# Ohm Law

Contents

# What is ohm’s law

In the electrical field, **Ohm’s law** is a very important topic. This law is asked in almost all interviews and as basic fundamentals of electrical engineering for all who related to electrical engineering. This is a very important fundamental law that describes the Relation between **Current, Voltage, and Resistance.**

There are three main quantities present in Electricity. An electrical circuit is made by these three Quantities **Current (I), Voltage(V), and Resistance(R).** There is no imagine the electrical circuit without anyone thing of them. And one other essential quantity is Load. Because the current is flowing only if there is any load connected with the circuit.

Ohm’s law is given by a **German mathematician George Simon Ohm,** who formulated the law known after his name as Ohm’s law.

## Ohm’s law definition

**Ohm’ law states that if physical conditions (like- temperature, pressure, length, etc) are constant, then the voltage across the two terminals of conducting material is proportional to the current flowing through it.**

# Ohm’s law formula

**Ohm’ law is expressed as V∝I**

In the given fig when we connect a battery across the conductor then an electric field E is created and electrons move to the reverse direction of the electrical field.

If I consider a cross-sectional area in a conductor, Then the number of total charges passed across a cross-sectional area in one second, which is called Current in the conductor. Now if I increase the potential difference across the conductor, The electric field and magnitude are also increased and the forces of electrons are also increased and the magnitude of electrons is so increased. Now the all free electrons will move with more speed. That means the number of electrons that were crossed across the cross-sectional area will now be increased and a large number of electrons cross across the cross-sectional area of a conductor in one second. And we can say that the current is increased across that cross-sectional area.

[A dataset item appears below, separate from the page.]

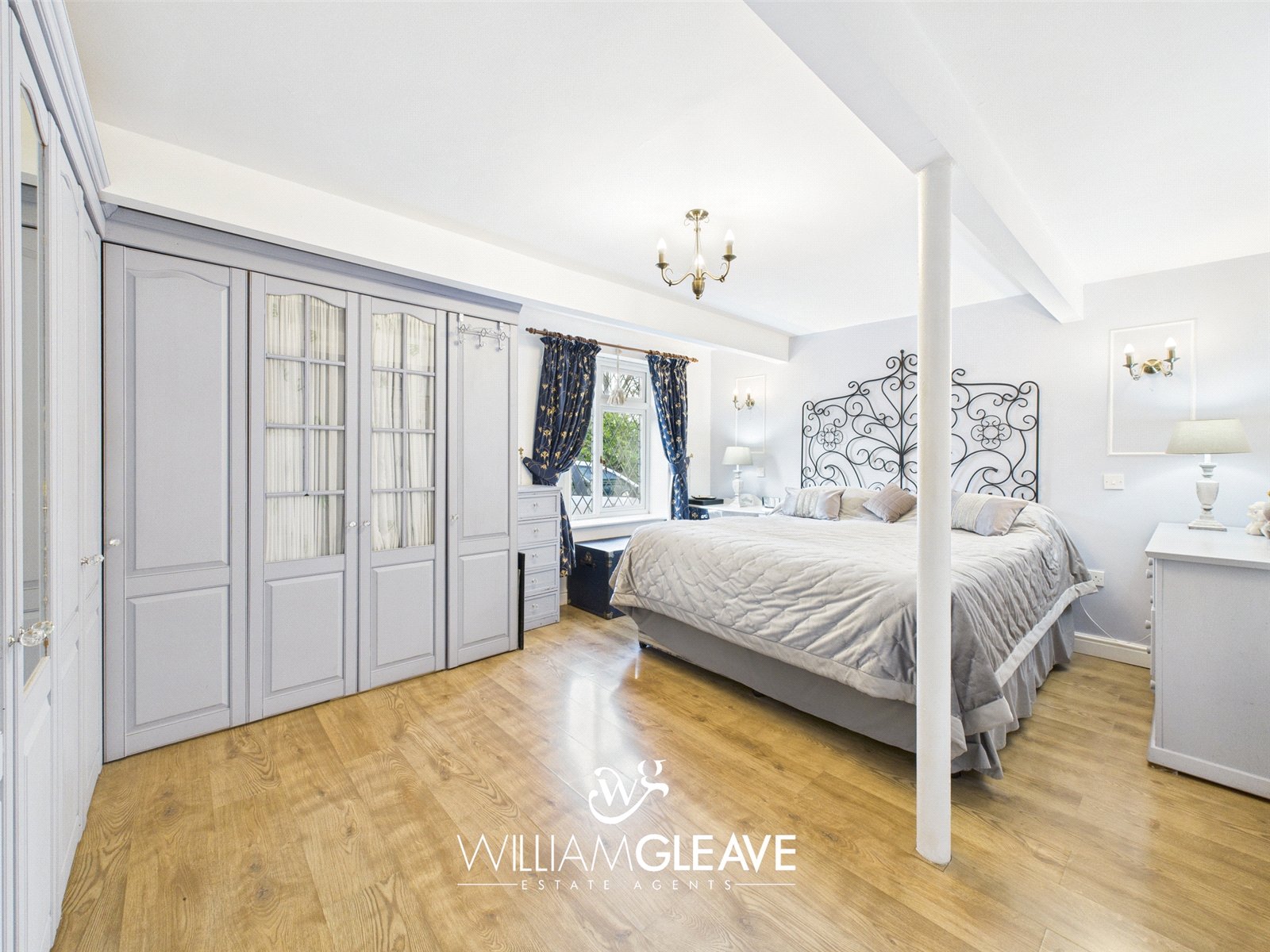Accessed through wooden doors with frosted glazed panels, a low step down leads into a spacious and well-equipped kitchen. Modern wood-effect flooring runs throughout, complementing a generous range of wall and base units with matching worktops.
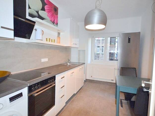 Vermietet wird eine schön möblierte 2-Zimmer-Wohnung mit WLAN in Fürth. Die Möblierung des Wohnzimmers besteht aus einer grauen Schlafcouch, 2 Beistelltischen, TV-Board mit Flatscreen TV, Garderobenschrank und einem Esstisch mit 2 Stühlen. Die offene Singleküche ist mit allen Utensilien des täglichen Bedarfs ausgestattet wie Cerankochfeld, Kühlschrank, Toaster, Wasserkocher, Geschirr, Kochutensilien etc. Das Schlafzimmer ist eingerichtet mit einem Doppelbett (1,80x2,00 m), 2 Nachtkästchen, Schr...

If the potential difference increased by doubled then the current will also be doubled and the potential difference is increased 3 times then the current will also be increased by 3 times. so we can say that the Voltage (potential diff) is directly proportional to the current (I). **V∝I** if we replace the proportionality sign by **=** we need to place a constant. here R is the constant of proportionality that can be placed here. So** V= I.R,** R is resistance. Means R is in the circuit provided R is kept constant.** Resistance is a fixed quantity of a particular conductor.**

But if i change the conductor material then the Resistance will also be changed. Also when I changed the length or thickness of the conductor then Resistance will also be changed.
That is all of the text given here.